#### [Task to carry out]
Records follow. Print exactly the lines from the one that has "El Consejo de" through the one that has "Genova, Duomo, interno, Cappella", inclusive, and omit the pictures.

*** Opening of Working data ***

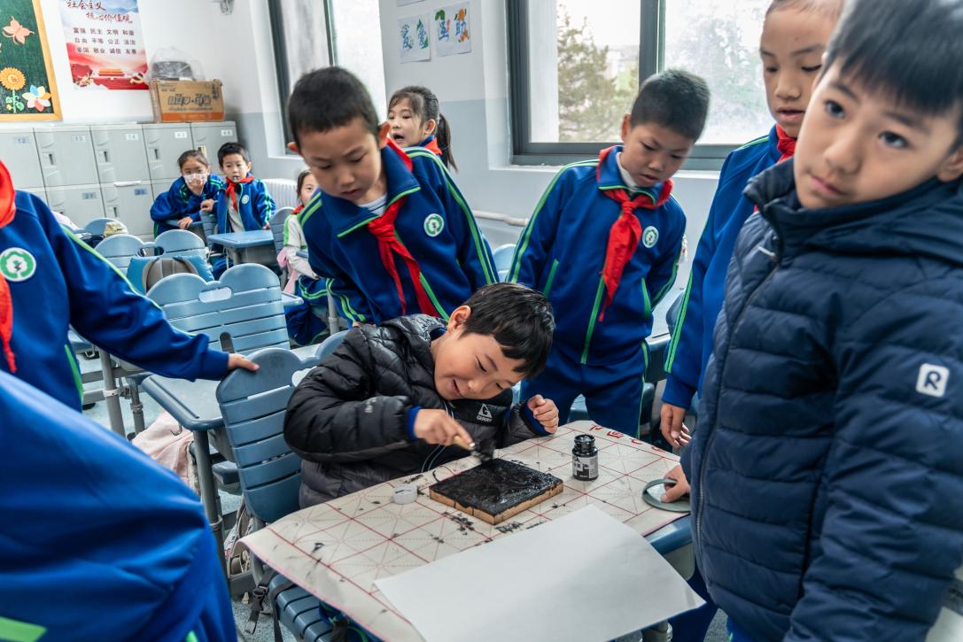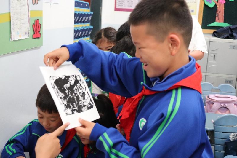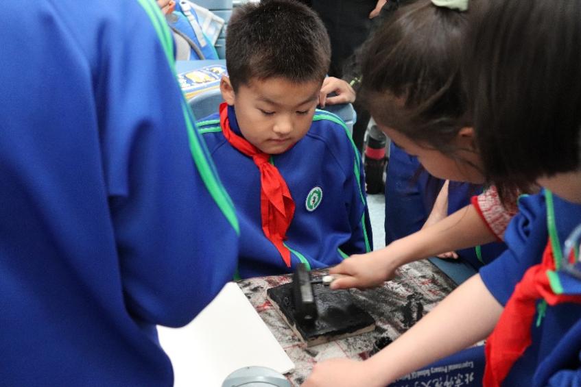 随后,学社的两位小老师亲自示范,向同学们展示了雕版印刷的基本技巧与方法。在老师的悉心指导下,同学们很快掌握了涂墨、刷墨等具体步骤的要领,并开始动手尝试。经过一番努力,同学们很快就成功拓印出了各式各样的图案。
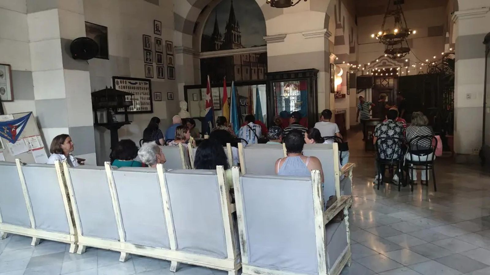 El Consejo de Residentes Españoles de Cuba, presidido por María Antonia Rabanillo Dámera, el secretario José Antonio Cerra Arrime, los vocales suplentes Felicidad Amat Zabaleta, Pedro Ventura González junto a Ángela Alemañy Aguilera, Teresita García Fernández, orientan a todos los que asisten a sus despachos efectuados en la mayoría de las asociaciones no gubernamentales españolas que aún existen en la República de Cuba.
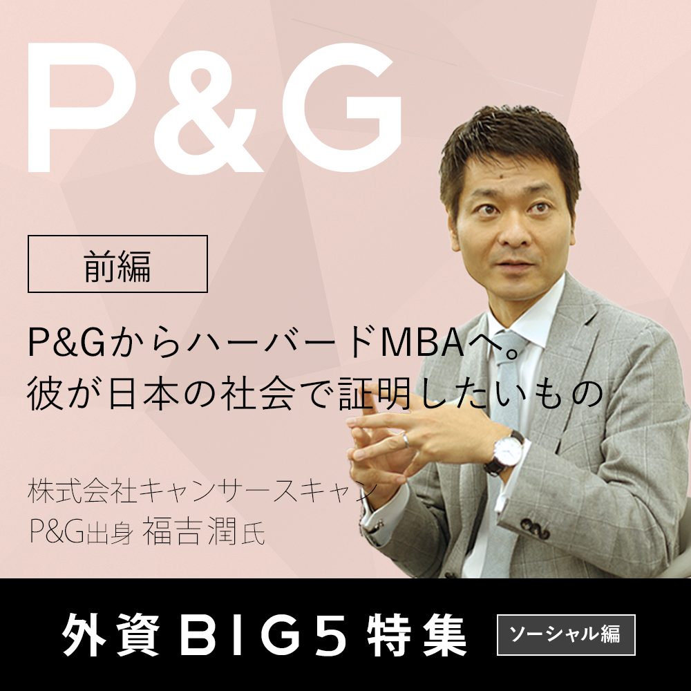 「外資BIG5特集」の第5弾は、株式会社キャンサースキャン 代表取締役 福吉潤氏へのインタビュー。前編では、P&GからハーバードMBAを経て、彼が日本の社会において証明したいと願う「社会... -
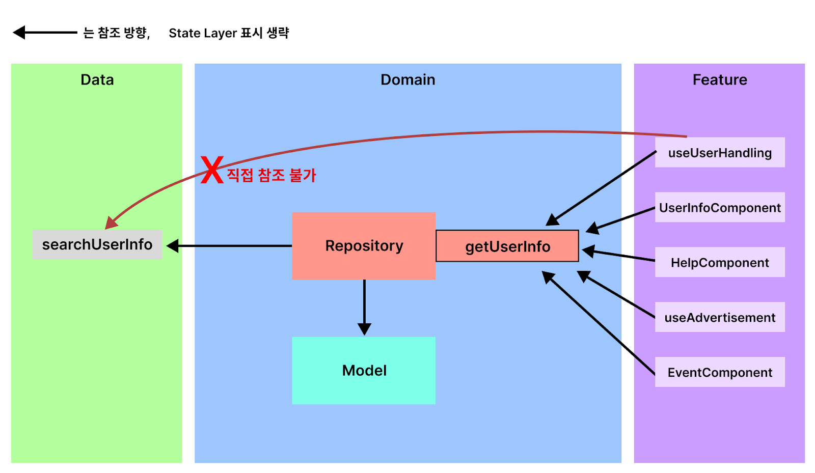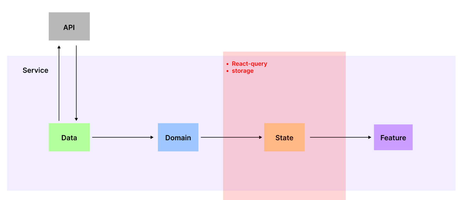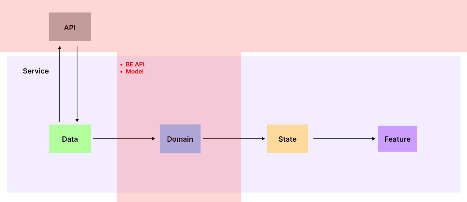 계층은 하나의 Service 내 Data, Domain, State, Feature 4개로 구분됩니다.
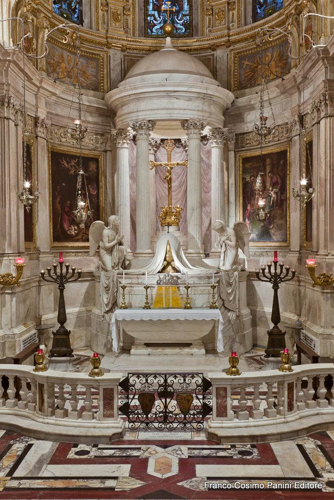 Genova, Duomo, interno, Cappella Lercari (abside settentrionale): Altare del Santissimo Sacramento, di C. Barabino (1817 – 1818).
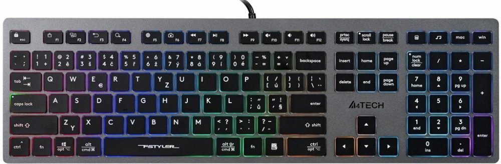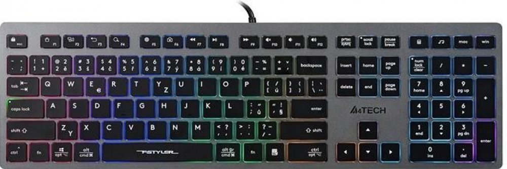 A4tech FX60Nízkoprofilová klávesnice s LED podsvícenímA4Tech FX60 je klávesnice s nůžkovými spínači a neonovým LED posvícením, navržená pro tiché, plynulé a pohodlné psaní při každodenní práci doma i v kanceláři. Pomocí funkce přepínání operačních systémů se rozložení kláves okamžitě přizpůsobí konkrétnímu systému, díky čemuž můžete plynule pracovat napříč různými platformami bez zdlouhavého nasta...

*** Close of Working data ***

#### [Reply to the exercise]
 El Consejo de Residentes Españoles de Cuba, presidido por María Antonia Rabanillo Dámera, el secretario José Antonio Cerra Arrime, los vocales suplentes Felicidad Amat Zabaleta, Pedro Ventura González junto a Ángela Alemañy Aguilera, Teresita García Fernández, orientan a todos los que asisten a sus despachos efectuados en la mayoría de las asociaciones no gubernamentales españolas que aún existen en la República de Cuba.
 「外資BIG5特集」の第5弾は、株式会社キャンサースキャン 代表取締役 福吉潤氏へのインタビュー。前編では、P&GからハーバードMBAを経て、彼が日本の社会において証明したいと願う「社会... -
 계층은 하나의 Service 내 Data, Domain, State, Feature 4개로 구분됩니다.
 Genova, Duomo, interno, Cappella Lercari (abside settentrionale): Altare del Santissimo Sacramento, di C. Barabino (1817 – 1818).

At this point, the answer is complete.